## TASK
Exactly the lines below, starting with the one containing "國內(nèi)化肥農(nóng)藥出廠價(jià)格" and going on through the one containing "GIOTORENT 6-Wire Garage", must be reproduced, both ends included, and no pictures with them.

[Items from a dataset]
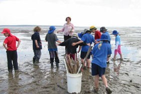 Bass Valley Primary School teacher Tina Mayling takes her class onto the mudflats to plant the mangroves. Photo: T.Ealey WPSP
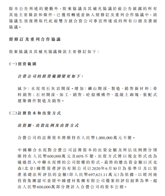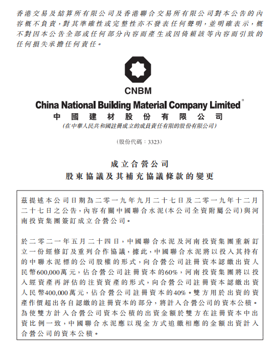 日前,中国建材上市公司发布公告称,2021年5月24日,中国联合水泥及河南投资集团重新订立一份经修订及重列合作协议,据此,中国联合水泥将以投入其持有的中联水泥标的公司股权的形式,向合营公司注册资本认缴出资人民币600,000万元,占合营公司注册资本的60%,河南投资集团将以投入经资产再评估的注资资产的形式,向合营公司注册资本认缴出资人民币400,000万元,占合营公司注册资本的40%。双方用于出资的资产作价超出各自认缴的注册资本的部分,将计入合营公司的资本公积。为使双方计入合营公司资本公积的出资金额于双方在注册资本中出资比例一致,中国联合水泥应以现金方式追缴相应的金额出资计入合营公司的资本公积。
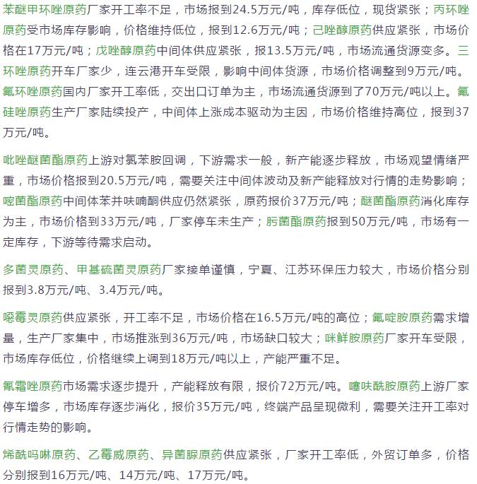 國內(nèi)化肥農(nóng)藥出廠價(jià)格
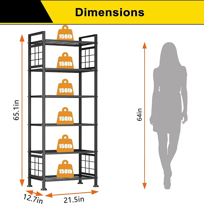 GIOTORENT 6-Wire Garage Shelving Storage Shelves, Metal Shelving Unit Pantry Rack, Kitchen Storage Adjustable Shelf 900Lbs Capacity for Laundry Kitchen Bathroom Organizer(Black)
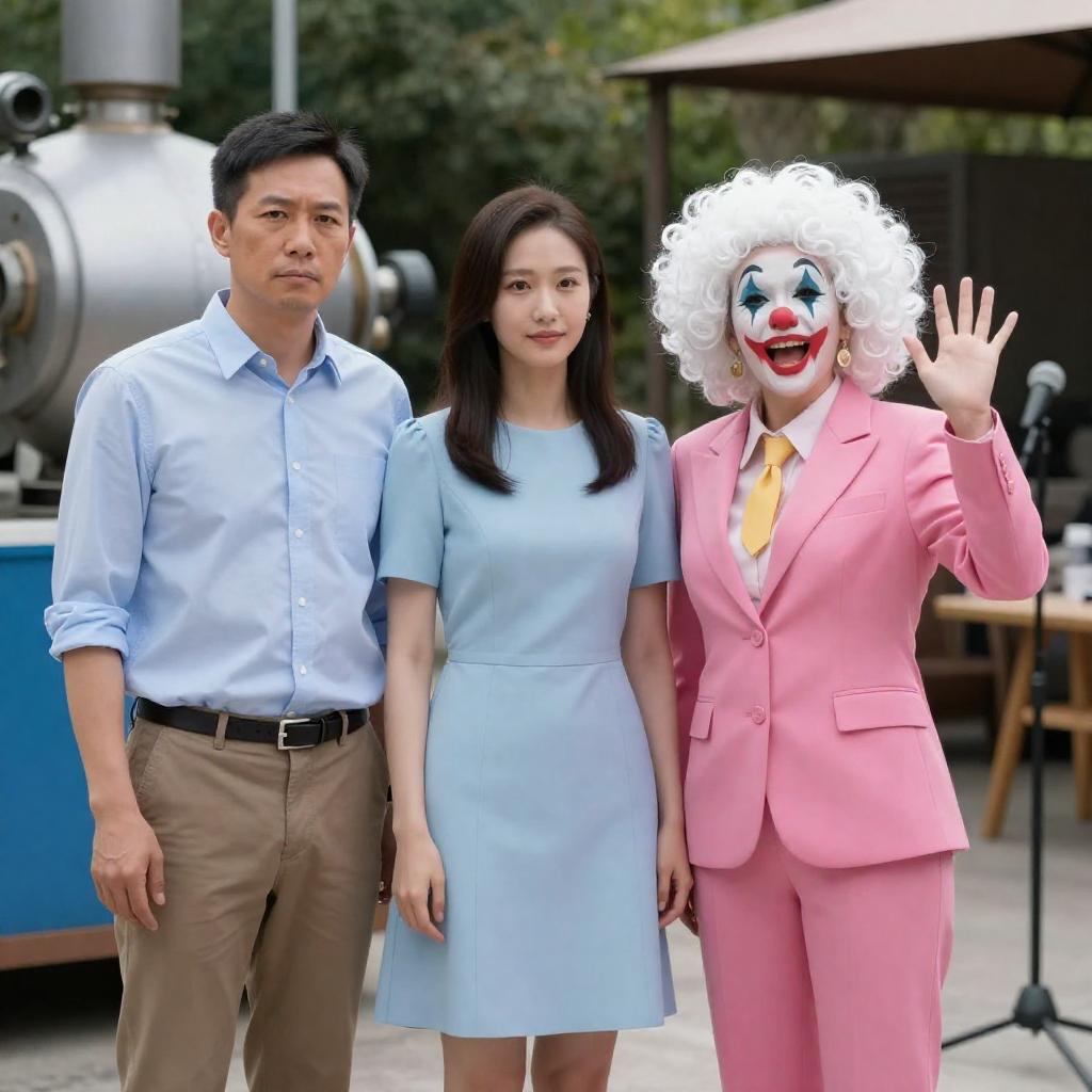 Photograph of three people standing outdoors. Man on left, light blue shirt, brown pants, serious expression. Woman in center, light blue dress, neutral expression. Woman on right, bright pink outfit, white curly wig, clown makeup, waving, intense expression. Background includes industrial equipment, greenery, and a microphone stand.

## SOLUTION TO THIS TASK
 國內(nèi)化肥農(nóng)藥出廠價(jià)格
 GIOTORENT 6-Wire Garage Shelving Storage Shelves, Metal Shelving Unit Pantry Rack, Kitchen Storage Adjustable Shelf 900Lbs Capacity for Laundry Kitchen Bathroom Organizer(Black)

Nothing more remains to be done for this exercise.